Aug 3, 5:05 PM EDT

Texas defies World Court, Bush on execution
By MICHAEL GRACZYK

HOUSTON (AP) -- The planned execution this week of a man convicted in one of Houston's most brutal murder cases in a generation has become among the most contentious in the state that has the nation's busiest capital punishment system.

International attention has been focused on the execution of convicted killer Jose Medellin scheduled for Tuesday. The International Court of Justice, also known as the World Court, said the Mexican-born Medellin and some 50 other Mexicans on death row around the nation should have new hearings in U.S. courts to determine whether a 1963 treaty was violated during their arrests.

Medellin, now 33, is the first among the 50 who is set to die.

His attorneys contend Medellin was denied the protections of the Vienna Convention, which calls for people arrested to have access to their home country's consular officials. He has been in the United States since the age of 3.

"The United States' word should not be so carelessly broken, nor its standing in the international community so needlessly compromised," Medellin's attorneys said, seeking a reprieve in a filing late last week with the U.S. Supreme Court. The high court had not issued any ruling as of Sunday.

President Bush has asked states to review the cases. Texas has refused to budge.

The U.S. Embassy in Mexico warned of possible protests there Tuesday.

Medellin's lawyers went to the Supreme Court after the Texas Court of Criminal Appeals, the state's highest criminal court, refused to stop the lethal injection. The justices ruled in March that neither the President nor the international court can force Texas' hand.
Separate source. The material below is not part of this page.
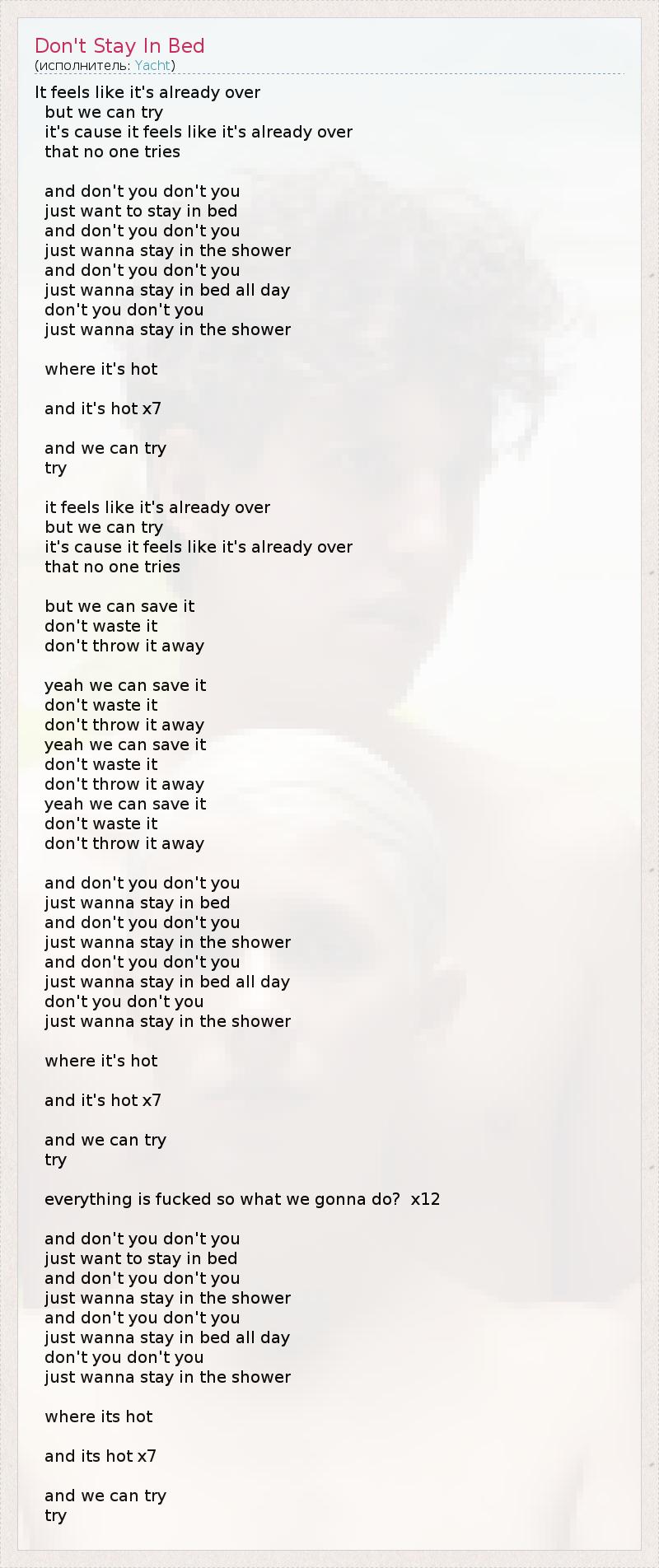 А как ты думаешь, о чем песня "Don't Stay In Bed" ?

"There is no dispute that if Texas executes Mr. Medellin in these circumstances, Texas would cause the United States irreparably to breach treaty commitments made on behalf of the United States as a whole and thereby compromise U.S. interests that both this Court and the President have described as compelling," Medellin's attorneys said in their filing.

Texas officials acknowledge that Medellin was not told he could ask for help from Mexican diplomats but argued he forfeited the right because he never raised the issue until four years after his conviction. In any case, the diplomats' intercession wouldn't have made any difference in the outcome of the case, they said.

Medellin speaks, reads and writes English and gave a written confession.

"Don't feel sorry for me," he said on an anti-death penalty Web site where inmates seek pen pals. "I'm where I'm at because I made an adolescent choice."

Medellin, on death row for almost 14 years, was one of six teenagers arrested and charged with the gang rape and murders of Elizabeth Pena, 16, and Jennifer Ertman, 14. The two Houston girls, returning from a friend's house, took a shortcut home and stumbled on a group of teenagers drinking beer after initiating a new gang member.

Evidence showed the girls were gang raped for more than an hour, then were kicked, beaten and strangled. Their bodies were found four days later.

A tip from the brother of one of the gang members led police to Medellin and the others.

One of the gang members, Derrick O'Brien, was executed last year. The death sentences of two others, Efrain Perez and Raul Villarreal, were commuted to life in prison when the Supreme Court barred executions for those who were 17 at the time of their crimes.

A fourth, Peter Cantu, described by authorities as the ringleader, is on death row but no execution date has been set.

The sixth person convicted, Medellin's brother, Vernancio, was 14 at the time and is serving a 40-year prison term.

In the legal frenzy to save Medellin, the fact that two girls were killed is being lost, said Randy Ertman, father of one of the victims.

"This is not about vengeance. This is not about a deterrent or about closure. It's about the punishment," Ertman said. "Everybody wants me to say closure or vengeance. I'm never going to have closure. It's just a miracle word that's going to make us feel good, but it ain't going to happen."

Mexico, which has no death penalty, initially sued the United States in the World Court in 2003. Mexico and other opponents of capital punishment have sought to use the court to fight for foreigners facing execution in the U.S.

"The law is clear: Texas is bound not by the World Court, but by the U.S. Supreme Court, which reviewed this matter and determined that this convicted murderer's execution shall proceed," said Jerry Strickland, a spokesman for the Texas Attorney General's Office.

If executed, Medellin would be the 410th condemned prisoner to die in Texas since the state resumed carrying out capital punishment in 1982, far more than any other state. At least six other Mexican nationals are in that total.